Two-time Paralympic champion Devendra Jhajharia, clinched silver medal in the Men’s Javelin Throw F46 category at the Tokyo Paralympics. Sundar Singh Gurjar picked up the bronze medal in the same final.

The athletes who fall under the F46 category have some kind of an arm deficiency, impaired muscle power or an impaired, passive range of movement in arms, while competing in a standing position.

Devendra Jhajharia, had met with an unfortunate accident in his childhood when he lost his left hand. While trying to climb a tree as an 8-year-old boy, he accidentally held an electric wire. Despite being rushed to a hospital the doctors said that his hand would have to be amputated.

Against all the odds, the now 40-year-old went on to become India’s most decorated Paralympian with his 2 gold medals. Even in Tokyo he seemed well on his way to a third Paralympic win, when he made a new personal best throw of 64.35m, in his third attempt. His previous best of 63.97m has also been a world record. Unfortunately for him, 35-year-old Dinesh Priyan Herath Mudiyanselage from Sri Lanka was simply too good and set a new world record of 67.79m, to bag the gold medal. It was a mammoth throw that exceeded the previous world record, by nearly 4 metres.

With this silver Jhajharia now has 3 Paralympic medals in his kitty. After javelin thrower Neeraj Chopra’s historic gold at the Tokyo Olympics, the Javelin Throw event was something everyone had an eye on in the Tokyo Paralympics. 

Neeraj’s gold medal has put the spotlight on javelin throwers and being the senior most of the lot, I can say this with assurance that after Tokyo Paralympics, javelin will be the second most popular game in this country after cricket,” Jhajharia said.

Another Indian on the field, 25-year-old Sundar Singh Gurjar, lifted the bronze medal with a commendable 64.01m, to fill up the third podium spot. This is a huge turnaround for Gurjar, since the 2016 Paralympics, in which he could not compete, after turning up late for the event.

Based in Jaipur, Gurjar lost his left hand 6 years back. He met with an accident at a friend’s place in 2015, when a metal sheet fell on him. He has already won gold in both the 2017 and 2019 World Para Athletics Championships. He was also the silver medal-winner at the 2018 Jakarta Para Asian Games.

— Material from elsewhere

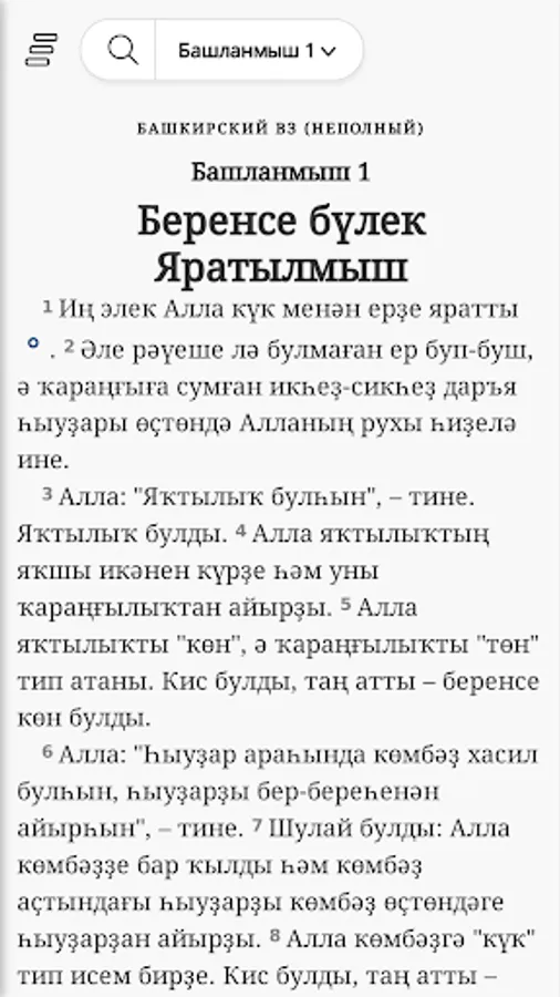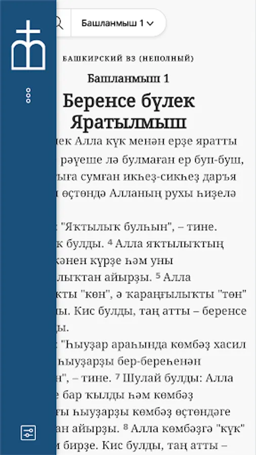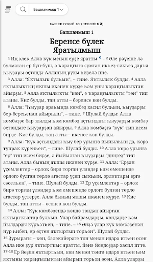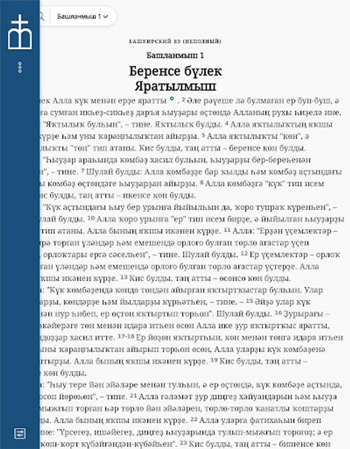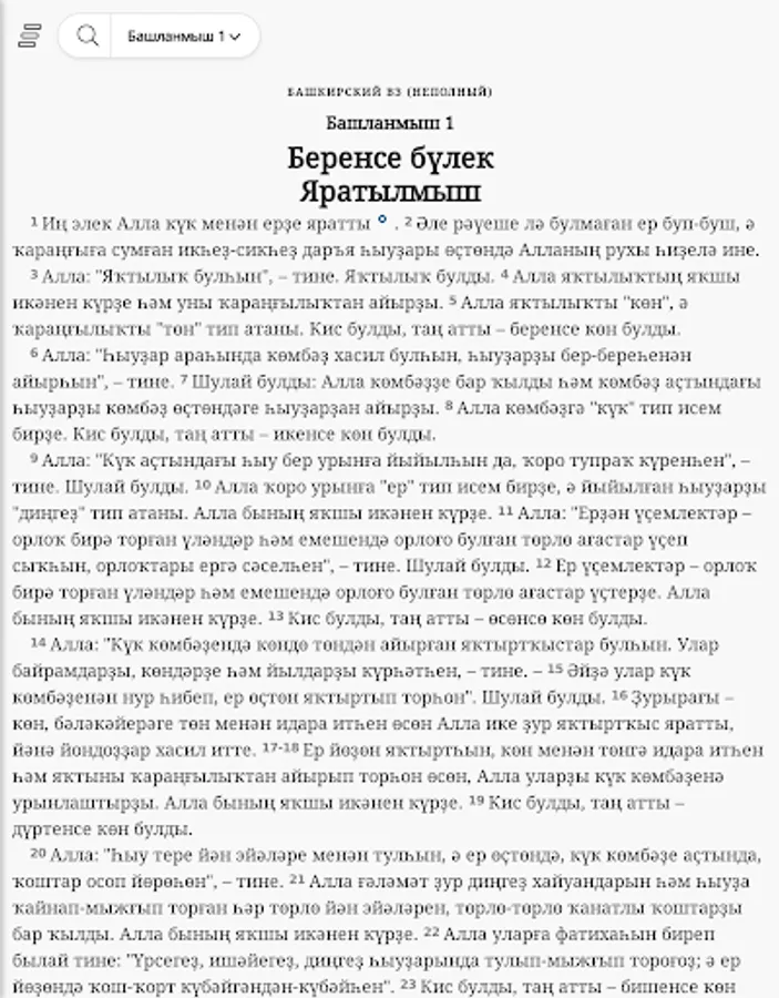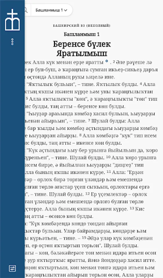 Башҡорт телендәге Изге Яҙма китаптары - һәр ваҡыт һеҙҙең янығыҙҙа булған Алла һүҙе. Алла Һүҙенә иғтибарығыҙҙы тупларға бер нимә лә ҡамасауламаһын өсөн, ҡушымтаны бик ныҡ ябайлаштырҙыҡ. Ҡушымтаның интерфейсы Изге Яҙма китаптары эсендә еңел генә күсеп йөрөргә һәм кәрәк урынын тиҙ табырға мөмкинлек бирә. Интернет эшләмәгәндә лә уҡыу мөмкинлеге тағы бер өҫтөнлөк булып тора.

In the Javelin Throw finals at the Tokyo Paralympics, he went first among all the Indians. He made a strong start with a 62.58m attempt, which was a season-best for him. He saw the red flag for both his 3rd and 4th attempts, before he redeemed himself with a 64.01m 5th attempt, which landed him the bronze. 

An overjoyed Gurjar took to Twitter after his win, ”I am elated to win the bronze medal in the Paralympics. I want to thank my coach Mahavir Saini who trained me from 2009 to 2021 & stood by me in bad times. I also want to thank my family, SAI & PCI for support & PM Modi for motivation,”.

India has already almost doubled the medal count at the Paralympics in Tokyo, in comparison to the 4 medals they had picked up in the 2016 edition. India now has 7 medals in total, including a gold medal – picked up by shooter Avani Lekhara.